YOUR TASK: From the first line to the last, repeat the data exactly but leave out the pictures.

DATA EXTRACT:

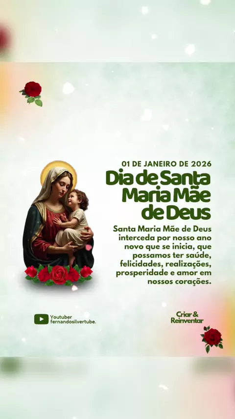 ✨ 01 de janeiro de 2026 • Dia de Santa Maria Mãe de Deus ✨ 🌹 Que neste início de ano, Santa Maria Mãe de Deus interceda por nossas vidas, abençoando nossos caminhos com saúde, paz e amor. 🙏 Que o novo ano traga felicidades, realizações e prosperidade, renovando a fé e enchendo nossos corações de esperança. #SantaMaria #MaeDeDeus #AnoNovo #Fe #Esperanca
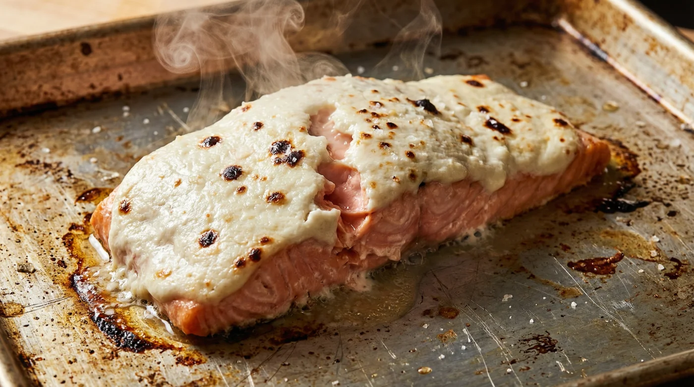 Durante años, nos han enseñado que para proteger un pescado en el horno necesitamos empaparlo en grasa. Aceite de oliva, mantequilla clarificada, margarina. El problema con estas grasas pesadas es que, ante los 200 grados Celsius del horno, se derriten rápidamente y huyen hacia el fondo de la bandeja. En lugar de proteger el pescado, lo fríen desde abajo, dejando la parte superior expuesta al calor abrasador. El horno se convierte en un ladrón implacable que roba toda la humedad natural del salmón.
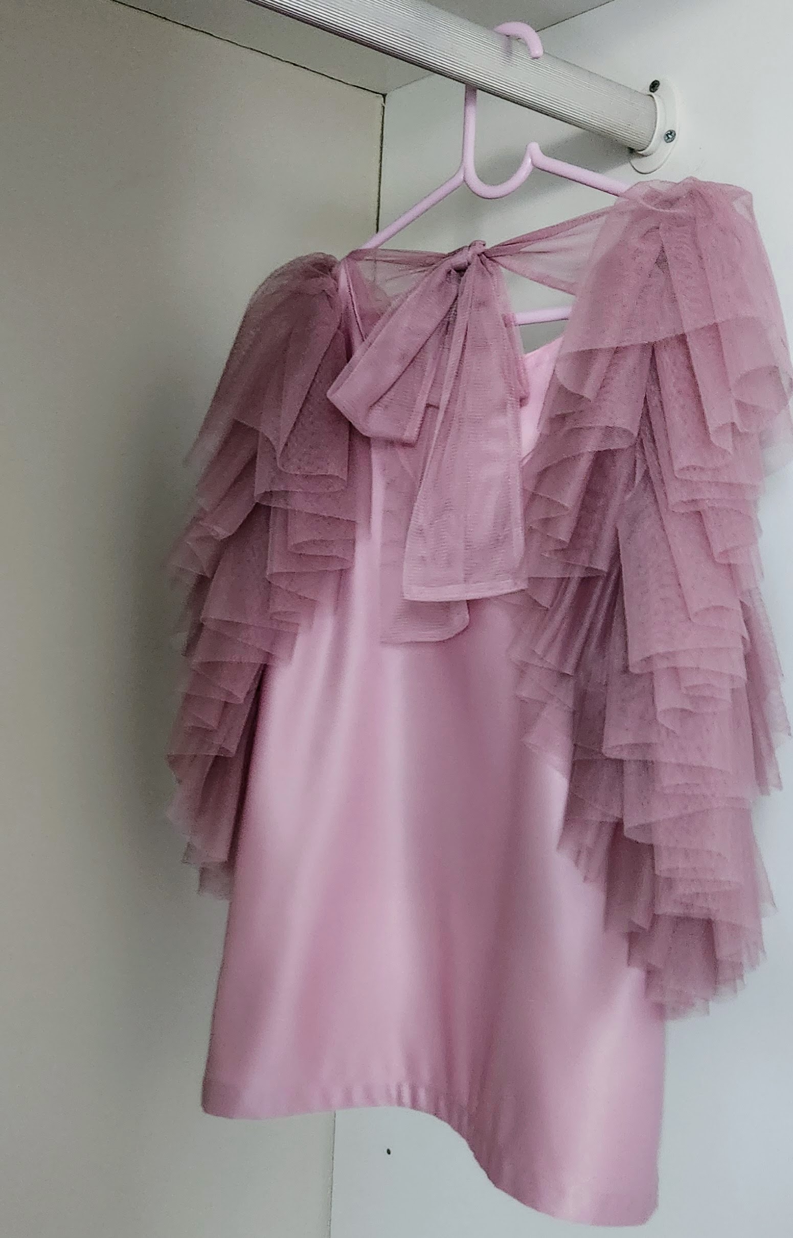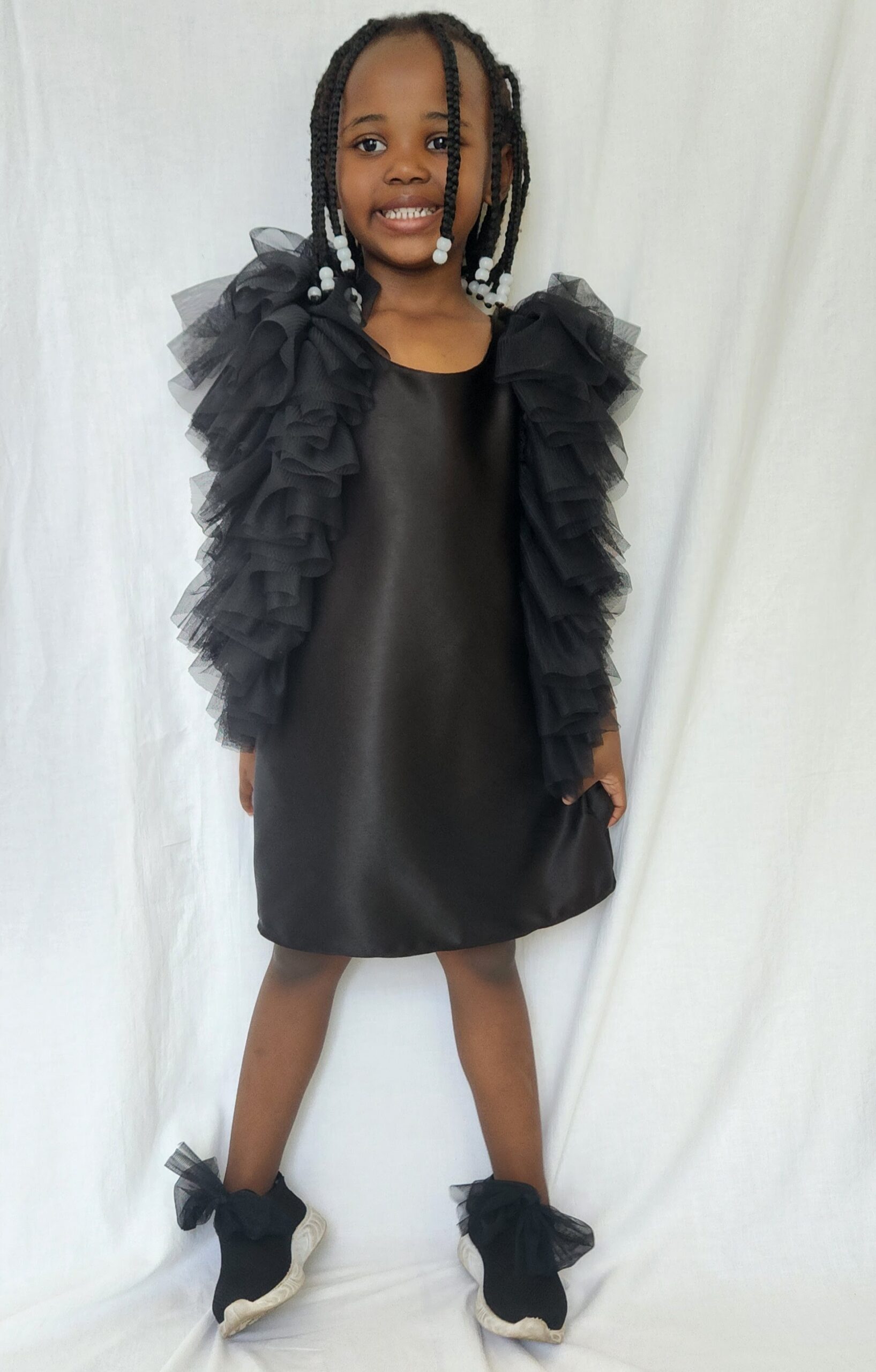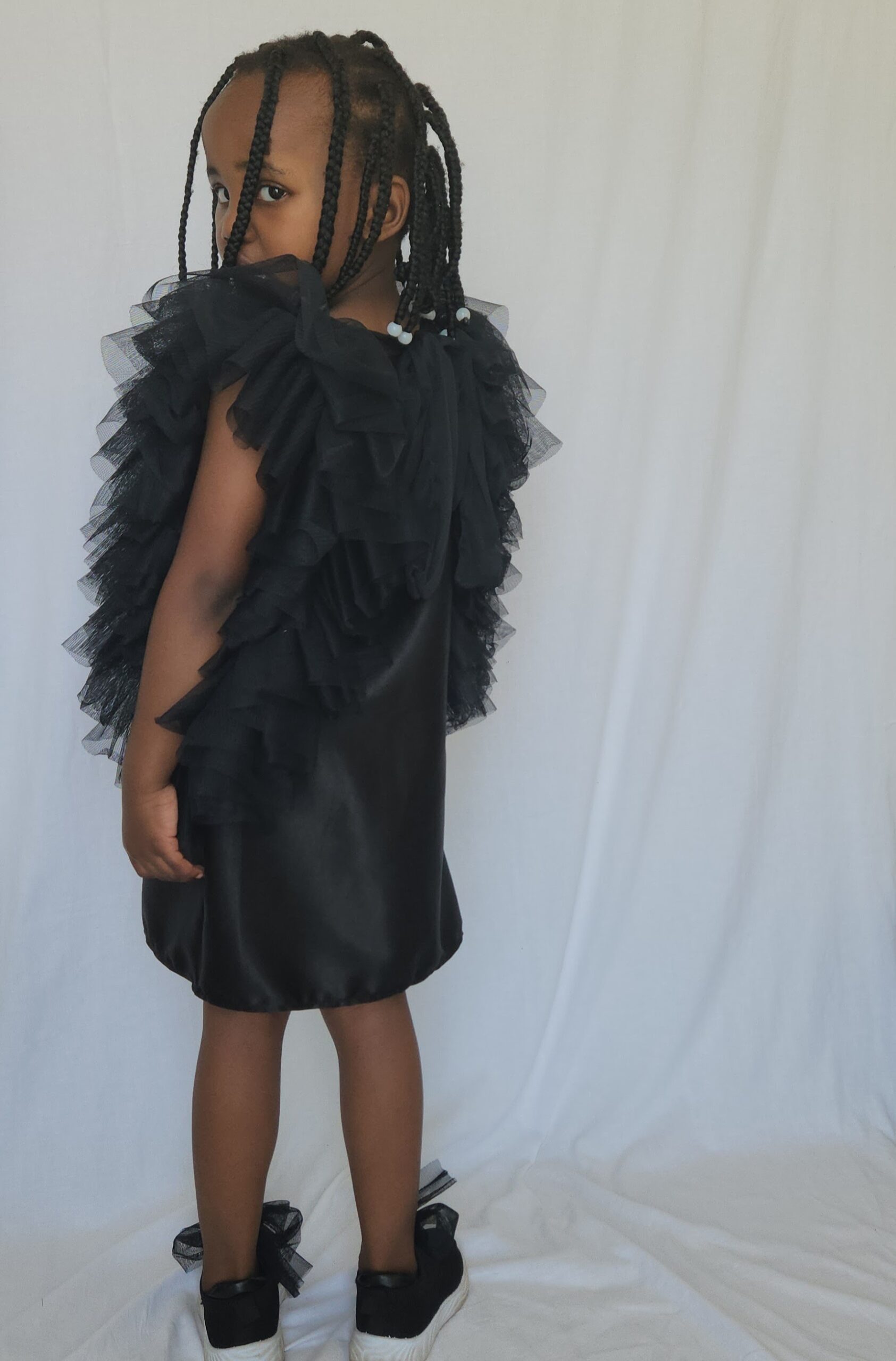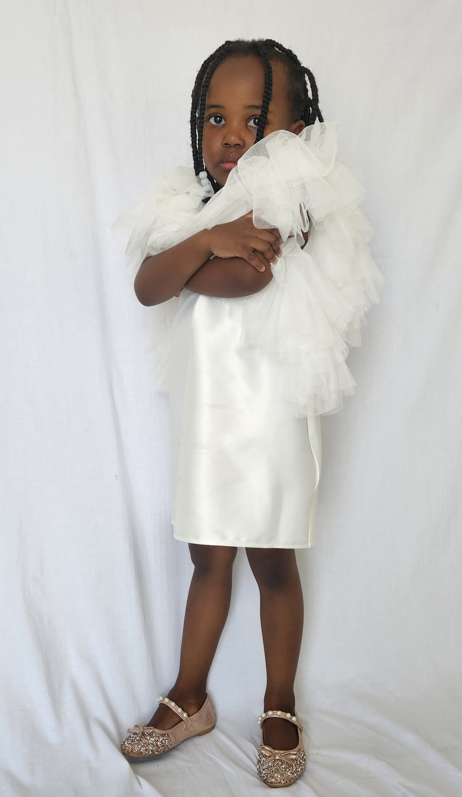 Your little princess will radiate beauty and grace in this charming satin dress, featuring tulle accents and a sweet bow detail at the back. Perfect for any special occasion, this knee-length dress will have your little girl feeling like she is in a fairy-tale. Let her shine and sparkle in this enchanting dress.

RESULT OF THE TASK:
 ✨ 01 de janeiro de 2026 • Dia de Santa Maria Mãe de Deus ✨ 🌹 Que neste início de ano, Santa Maria Mãe de Deus interceda por nossas vidas, abençoando nossos caminhos com saúde, paz e amor. 🙏 Que o novo ano traga felicidades, realizações e prosperidade, renovando a fé e enchendo nossos corações de esperança. #SantaMaria #MaeDeDeus #AnoNovo #Fe #Esperanca
 Durante años, nos han enseñado que para proteger un pescado en el horno necesitamos empaparlo en grasa. Aceite de oliva, mantequilla clarificada, margarina. El problema con estas grasas pesadas es que, ante los 200 grados Celsius del horno, se derriten rápidamente y huyen hacia el fondo de la bandeja. En lugar de proteger el pescado, lo fríen desde abajo, dejando la parte superior expuesta al calor abrasador. El horno se convierte en un ladrón implacable que roba toda la humedad natural del salmón.
 Your little princess will radiate beauty and grace in this charming satin dress, featuring tulle accents and a sweet bow detail at the back. Perfect for any special occasion, this knee-length dress will have your little girl feeling like she is in a fairy-tale. Let her shine and sparkle in this enchanting dress.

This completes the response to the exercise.